Common Ground Song 124 ‘The Hand of Heaven’
Words / Music: John Bell © WGRG / Iona Community
YouTube recording: https://www.youtube.com/watch?v=jfe1-hx_GW8
Featured image: from pxhere.com
Another Sunday, another communion hymn. The tune set in the book – and used in the video linked above – is an arrangement of an old ‘French carol melody’, but the editors note that the words also fit well to the much better known tune Abbots Leigh.
The theology behind this hymn is what I would call ‘mainstream Trinitarian’. The focus is on Jesus, and his action at the Last Supper, asking God the Father to bless the bread and wine that he shared with his disciples, telling them to share it and accept it as his body and blood. After the giving of the Holy Spirit at Pentecost, the Church came to see the role of the Spirit in consecrating (making holy) the bread and wine when blessed by a Christian priest or minister.

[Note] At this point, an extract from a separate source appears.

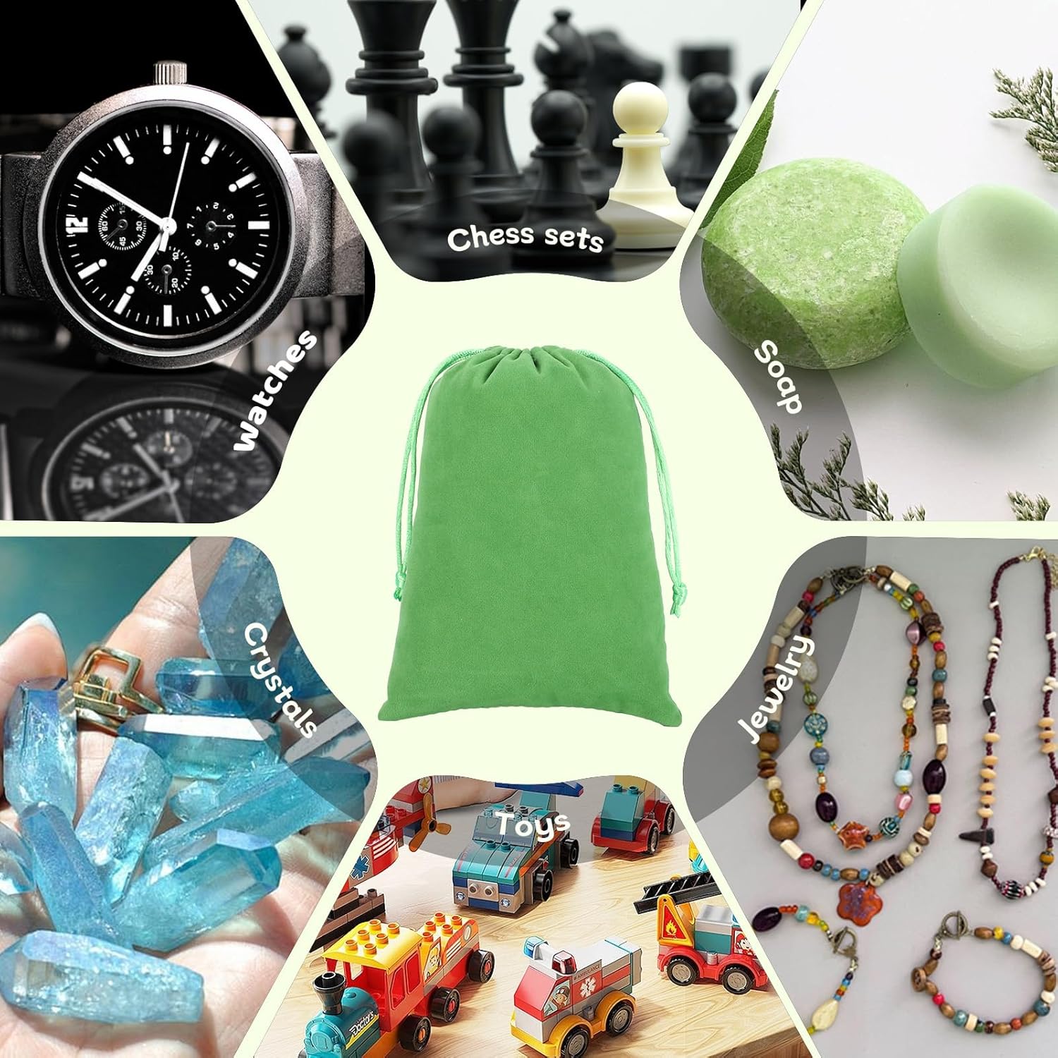 Velvet Drawstring Jewelry Bag, 50Pcs Green Dice Bag, 5x7, Or Wrapping Halloween Party Favors, Mojo, Small Bussiness, Jewelry, Bracelet, Customers

The delicate question of whether the consecrated bread actually is the body of Christ in a literal sense, or only in a symbolic sense, will probably never be settled. As the words of the second verse put it, ‘though to sound this be a mystery, though to sense it seems absurd’. Take whichever position you prefer.

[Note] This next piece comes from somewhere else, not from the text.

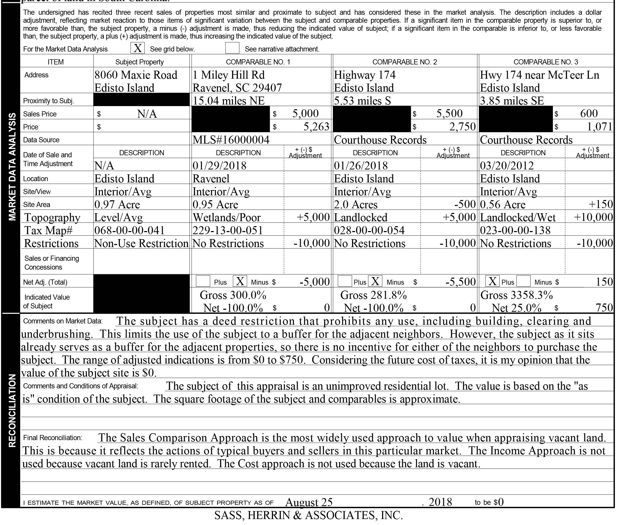 The one-acre piece of land at 8060 Maxie Road, Edisto Island, South Carolina, was part of the Maxcy Place plantation. This land was purchased at market value on August 6, 2018, by 8060 Maxie Road, Inc., a nonprofit company formed for the sole purpose of buying this land and recording a restrictive covenant on its use. This covenant has as its explicit purpose the restriction of all development and use of the property by the owner.

The third verse, though, takes us from the realm of theology to that of practical Christian living: ‘Let it bring the life we long for and the love which we forsake. Bind us closer to each other, both forgiving and forgiven’. The title of the hymn only appears in the very last line: ‘Give us grace in this and all things to discern the hand of Heaven’. The taking of communion is always intended to be a feeding of the soul and an inspiration to the mind, as we go forth into the week, one body of many people. The mass is ended: go in peace.